Could you transcribe exactly the lines below, from the line with "1947 Scott C20a" through the line with "ALESANDRA table 180cm", and nothing else, leaving out the pictures?

*** Opening Extracted records ***

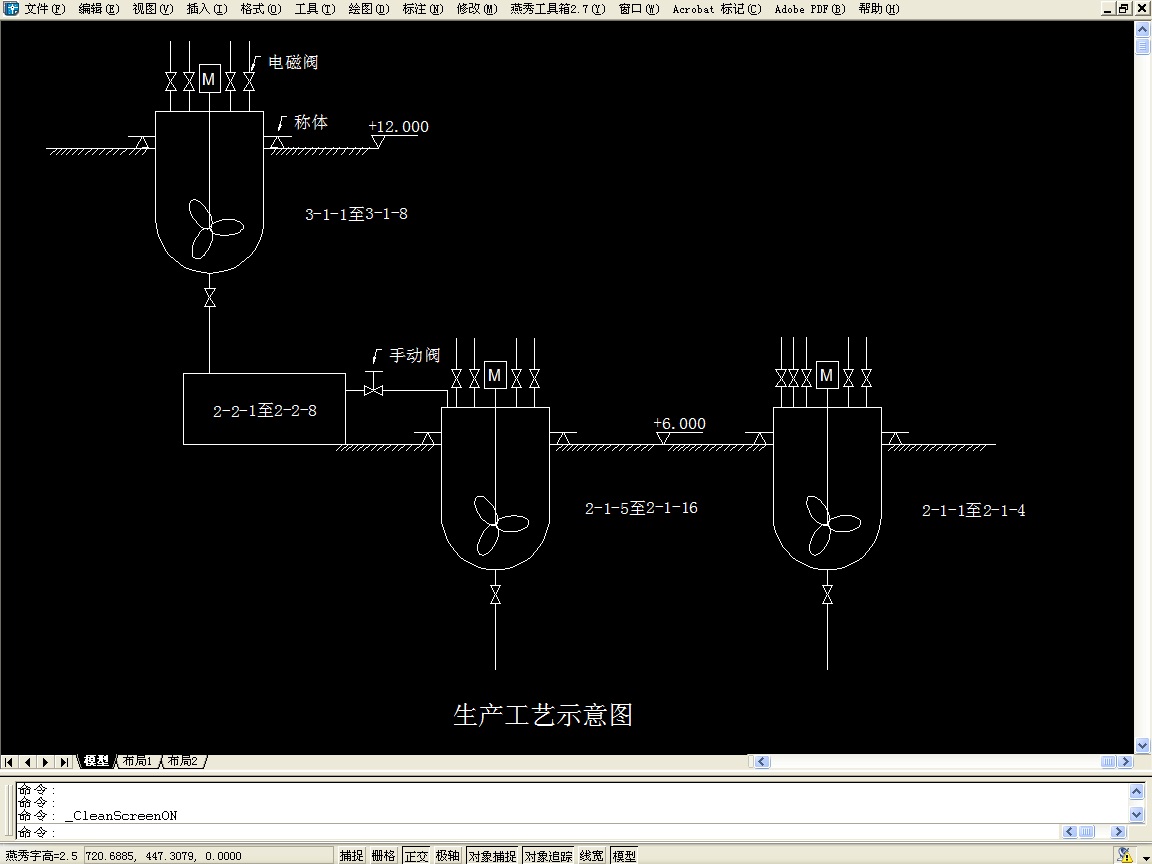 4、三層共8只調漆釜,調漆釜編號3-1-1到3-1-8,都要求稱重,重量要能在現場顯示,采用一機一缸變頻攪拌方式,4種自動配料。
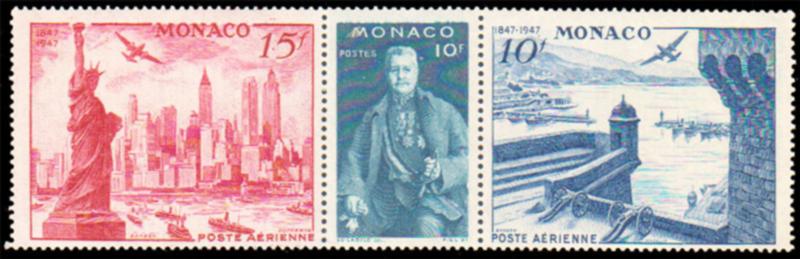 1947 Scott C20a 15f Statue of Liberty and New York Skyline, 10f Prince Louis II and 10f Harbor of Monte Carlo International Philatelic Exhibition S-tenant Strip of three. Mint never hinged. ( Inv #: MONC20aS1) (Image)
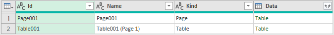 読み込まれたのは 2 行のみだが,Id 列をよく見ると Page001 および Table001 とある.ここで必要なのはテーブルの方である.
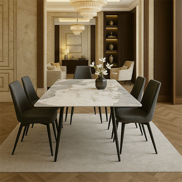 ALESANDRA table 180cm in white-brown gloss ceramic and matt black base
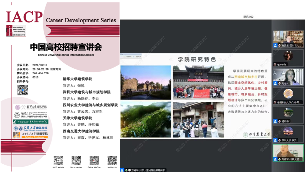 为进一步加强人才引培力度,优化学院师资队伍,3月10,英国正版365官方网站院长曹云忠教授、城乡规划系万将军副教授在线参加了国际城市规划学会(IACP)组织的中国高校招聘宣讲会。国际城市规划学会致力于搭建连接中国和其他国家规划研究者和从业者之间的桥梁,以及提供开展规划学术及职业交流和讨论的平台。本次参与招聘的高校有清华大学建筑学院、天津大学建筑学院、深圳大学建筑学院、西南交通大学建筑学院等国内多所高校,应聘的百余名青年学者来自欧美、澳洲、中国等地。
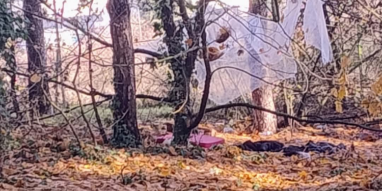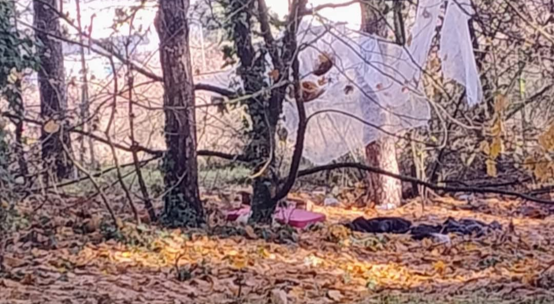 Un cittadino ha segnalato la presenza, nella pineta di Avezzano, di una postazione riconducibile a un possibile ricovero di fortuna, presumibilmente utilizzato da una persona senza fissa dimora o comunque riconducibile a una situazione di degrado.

*** Closing Extracted records ***

→ **Solved problem**:
 1947 Scott C20a 15f Statue of Liberty and New York Skyline, 10f Prince Louis II and 10f Harbor of Monte Carlo International Philatelic Exhibition S-tenant Strip of three. Mint never hinged. ( Inv #: MONC20aS1) (Image)
 読み込まれたのは 2 行のみだが,Id 列をよく見ると Page001 および Table001 とある.ここで必要なのはテーブルの方である.
 ALESANDRA table 180cm in white-brown gloss ceramic and matt black base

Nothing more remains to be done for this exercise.